Within the listing below, give again exactly the lines between the one containing "Прочитайте предложения и" and the one containing "Правоохоронці провели обшуки", inclusive, pictures left aside.

[Data shown]

^^^^

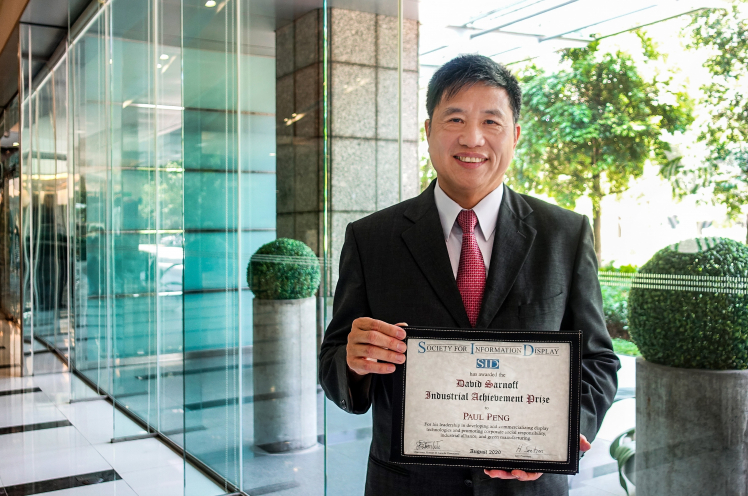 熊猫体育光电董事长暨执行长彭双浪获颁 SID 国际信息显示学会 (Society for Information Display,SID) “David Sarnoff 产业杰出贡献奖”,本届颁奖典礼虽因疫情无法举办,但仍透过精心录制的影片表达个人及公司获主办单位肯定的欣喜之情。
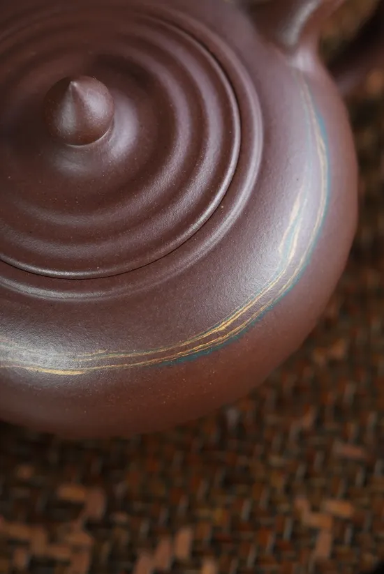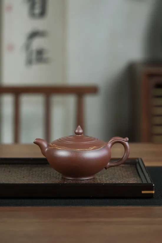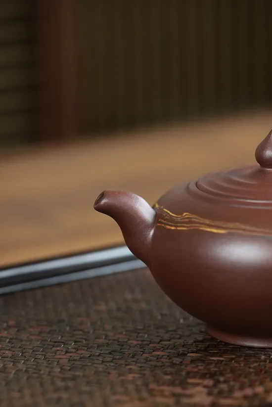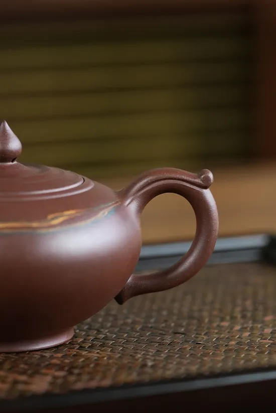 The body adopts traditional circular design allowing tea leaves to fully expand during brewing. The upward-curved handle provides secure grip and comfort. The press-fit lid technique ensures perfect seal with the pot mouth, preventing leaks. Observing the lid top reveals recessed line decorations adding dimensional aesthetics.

^^^^

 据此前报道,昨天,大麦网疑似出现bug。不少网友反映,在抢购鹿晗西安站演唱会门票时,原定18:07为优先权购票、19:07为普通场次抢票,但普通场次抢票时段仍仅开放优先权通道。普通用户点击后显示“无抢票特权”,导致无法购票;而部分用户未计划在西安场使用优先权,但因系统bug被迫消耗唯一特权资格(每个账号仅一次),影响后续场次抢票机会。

^^^^

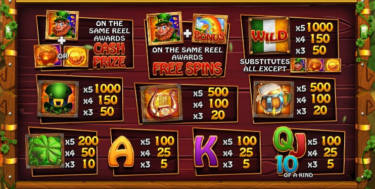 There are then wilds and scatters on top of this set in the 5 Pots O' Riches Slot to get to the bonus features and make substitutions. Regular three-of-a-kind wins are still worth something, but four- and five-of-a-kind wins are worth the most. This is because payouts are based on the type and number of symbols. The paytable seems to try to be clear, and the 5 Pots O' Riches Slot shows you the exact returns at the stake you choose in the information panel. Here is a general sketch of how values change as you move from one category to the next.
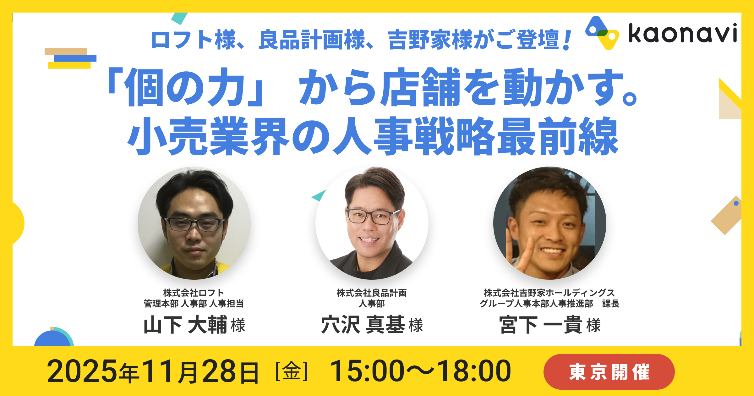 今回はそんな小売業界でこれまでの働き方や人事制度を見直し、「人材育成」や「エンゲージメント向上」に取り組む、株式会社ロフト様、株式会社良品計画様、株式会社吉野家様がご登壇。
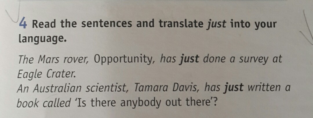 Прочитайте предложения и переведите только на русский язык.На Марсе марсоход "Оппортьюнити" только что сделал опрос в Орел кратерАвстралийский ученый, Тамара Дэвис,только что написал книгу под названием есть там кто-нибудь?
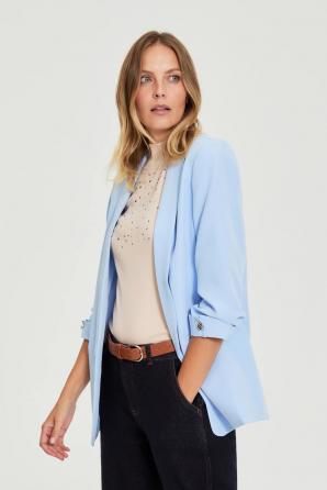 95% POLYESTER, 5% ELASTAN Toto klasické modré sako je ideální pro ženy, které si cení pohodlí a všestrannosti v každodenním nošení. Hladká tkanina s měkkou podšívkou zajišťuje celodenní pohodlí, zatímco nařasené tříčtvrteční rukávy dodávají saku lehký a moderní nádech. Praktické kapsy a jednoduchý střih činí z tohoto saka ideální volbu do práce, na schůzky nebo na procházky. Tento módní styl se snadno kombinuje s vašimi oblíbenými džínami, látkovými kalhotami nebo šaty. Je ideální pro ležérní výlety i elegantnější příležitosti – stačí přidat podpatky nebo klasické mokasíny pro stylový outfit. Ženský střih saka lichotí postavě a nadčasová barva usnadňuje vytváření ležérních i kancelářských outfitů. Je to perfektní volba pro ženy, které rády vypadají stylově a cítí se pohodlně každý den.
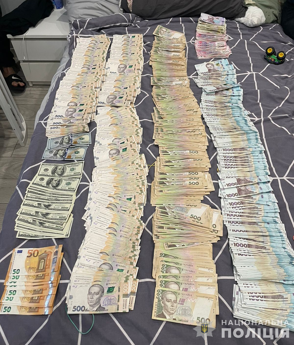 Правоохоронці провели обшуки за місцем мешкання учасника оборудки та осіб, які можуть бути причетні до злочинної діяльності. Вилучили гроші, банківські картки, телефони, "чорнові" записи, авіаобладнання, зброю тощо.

^^^^

[Result of the exercise]
 Прочитайте предложения и переведите только на русский язык.На Марсе марсоход "Оппортьюнити" только что сделал опрос в Орел кратерАвстралийский ученый, Тамара Дэвис,только что написал книгу под названием есть там кто-нибудь?
 95% POLYESTER, 5% ELASTAN Toto klasické modré sako je ideální pro ženy, které si cení pohodlí a všestrannosti v každodenním nošení. Hladká tkanina s měkkou podšívkou zajišťuje celodenní pohodlí, zatímco nařasené tříčtvrteční rukávy dodávají saku lehký a moderní nádech. Praktické kapsy a jednoduchý střih činí z tohoto saka ideální volbu do práce, na schůzky nebo na procházky. Tento módní styl se snadno kombinuje s vašimi oblíbenými džínami, látkovými kalhotami nebo šaty. Je ideální pro ležérní výlety i elegantnější příležitosti – stačí přidat podpatky nebo klasické mokasíny pro stylový outfit. Ženský střih saka lichotí postavě a nadčasová barva usnadňuje vytváření ležérních i kancelářských outfitů. Je to perfektní volba pro ženy, které rády vypadají stylově a cítí se pohodlně každý den.
 Правоохоронці провели обшуки за місцем мешкання учасника оборудки та осіб, які можуть бути причетні до злочинної діяльності. Вилучили гроші, банківські картки, телефони, "чорнові" записи, авіаобладнання, зброю тощо.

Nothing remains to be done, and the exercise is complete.